To do or not to do – new lockdown rules explained

To do or not to do – new lockdown rules explained

New lockdown rules simplified

After the PM’s speech on May 10, there was a wave of confusion that followed, with some of the instructions being a little ambiguous to say the least.

The underlying theme was that lockdown was gradually being phased out but only under the trust that the public stay alert, safe, and use their common sense to keep the rates down and on a steady decline.

The ‘conditional’ plan has these five priorities at the forefront: 1. Protect the NHS; 2. See sustained falls in the death rate; 3. Sustained and considerable falls in the rate of infection; 4. Tackle the challenge of providing PPE to the people who need it; 5. Take measures to not force the reproduction rate of the disease back up again.

So, HÖRFA have attempted to break down the rules in simple terms in a, hopefully, clearer guide for you all to follow:

Work from home if you can – Fortunately, in this modern era, many can work remotely from home on their laptops, PC’s, or even mobile phones.

Only go to work if you must – This rule applies to construction, manufacturing industries for example, which can't be done remotely. These types of industries should be able to maintain the social distancing rules.

Avoid public transport if at all possible – The government are asking workers to travel by car, bike, or foot if they can. The more that can do so means that public transport for the few should be able to maintain the necessary social distancing rules and remain safe to travel.

Unlimited outdoor exercise – The once per day exercise rule has been lifted to allow more flexibility in people’s lives.

Trips to parks, drives in the car to other destinations now permitted but only with members of your household – Another easing in the lockdown restrictions will allow families to have a bit more freedom, providing the 2metre rules are continuously observed, posing less risks.

Children may return to school from June 1st, starting with Reception, Year 1, and Year 6 – It’s been over eight weeks since the schools have been off now, so this plan is to gradually ease the students back to education in stages.

Reopening of shops from June 1st – Public places, including shops and other essential outlets may begin in June at the earliest.

Hospitality industry and other public places to reopen from July –Sports events, such as boxing and football, will be allowed to return with strict safety measures in place. A lot of sporting events will likely be staged behind closed doors during July.

All of the above comes with many other conditions; for example, companies will be required to take safety measures to ensure their staff are safe, such as staggering shifts to minimise contact – the NHS have already done this within their own buildings.
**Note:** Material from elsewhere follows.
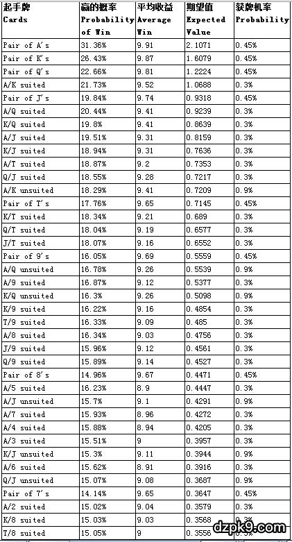 总体来讲,只有那些深绿色,蓝色及紫色的起手牌才值得你去玩,其它牌都应弃掉,除非情况特殊,比如说你是大盲注而又无人加注。如果你处于后面的位置,10点的起手牌你就可以跟注,但如果你处于前面的位置,则需要19点以上的起手牌才可以跟注。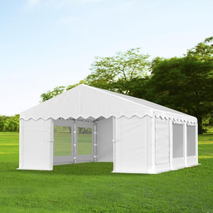 Namiot imprezowy o solidnej konstrukcji. Łatwy w montażu. Dzięki temu oprócz szybkiego rozkładania, namiot bardzo łatwo można przenosić w dowolne miejsce. Poszycie sprawdzi się świetnie podczas organizacji każdego plenerowego eventu, bankietu czy festynu. Stanowi idealną ochronę cateringu oraz zaproszonych gości podczas wesela, komunii, pikników oraz innych imprez okolicznościowych. Swoje zastosowanie znajdzie także jako altana, namiot ogrodowy bądź tarasowy. Namiot można używać również jako powierzchnie handlowe oraz dodatkowe miejsce w swoim lokalu.

Schools may have to redesign the classrooms and limit class sizes, as well as staggered breaks to avoid mixing.

This new plan hands back a bit of power and freedom to the people, but on the condition that the rules are followed to prevent any further rise in infection. The level of danger will be closely monitored using a ‘Covid alert system’ with ratings between 1-5. This will determine how tough social distancing measures need to be – the lower the number, the more rules will be relaxed.

The above is the outline for England only, for Wales and Scotland there are slight variations to these rules.

Our message to you is simple: Be sensible and stay safe.